▶ [Supplied material]:
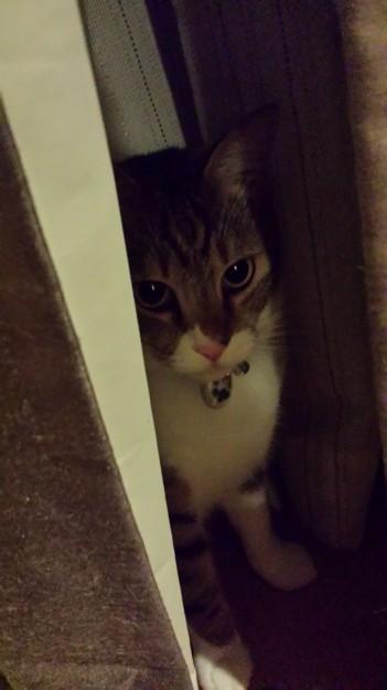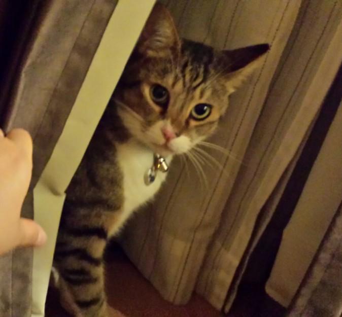 寝室に行ったら、ふてくされてるのかカーテンの向こうに隠れるサクちゃん↓↓↓
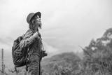 Side view of happy lady in hat standing and looking to the beautiful nature of the mountains in Africa, copy space
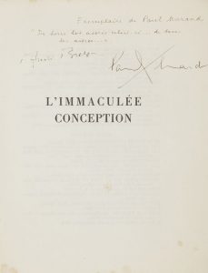 Devauchelle. Édition originale. Un des 2000 exemplaires numérotés sur papier impondérable des papeteries Sorel-Moussel. PRÉCIEUX EXEMPLAIRE DE PAUL MORAND, portant cet envoi autographe signé de Breton et contresigné par Paul Éluard : Exemplaire de Paul Morand « De tous les astres celui-ci… de tous les astres… » André Breton Paul Éluard La citation provient du chapitre intitulé « La Vie », pages 19-20. Exemplaire parfaitement conservé dans une chemise et un étui de Devauchelle. Rousseurs sur les tranches. Joint le prospectus de parution illustré. Provenances : Paul Morand, avec envoi autographe. - Heilbronn, avec ex-libris.

▶ [What this task involves]: Images are to be left out; everything else in the material must be written out exactly.

▶ [Answer to the problem]:
 寝室に行ったら、ふてくされてるのかカーテンの向こうに隠れるサクちゃん↓↓↓
 Side view of happy lady in hat standing and looking to the beautiful nature of the mountains in Africa, copy space
 Devauchelle. Édition originale. Un des 2000 exemplaires numérotés sur papier impondérable des papeteries Sorel-Moussel. PRÉCIEUX EXEMPLAIRE DE PAUL MORAND, portant cet envoi autographe signé de Breton et contresigné par Paul Éluard : Exemplaire de Paul Morand « De tous les astres celui-ci… de tous les astres… » André Breton Paul Éluard La citation provient du chapitre intitulé « La Vie », pages 19-20. Exemplaire parfaitement conservé dans une chemise et un étui de Devauchelle. Rousseurs sur les tranches. Joint le prospectus de parution illustré. Provenances : Paul Morand, avec envoi autographe. - Heilbronn, avec ex-libris.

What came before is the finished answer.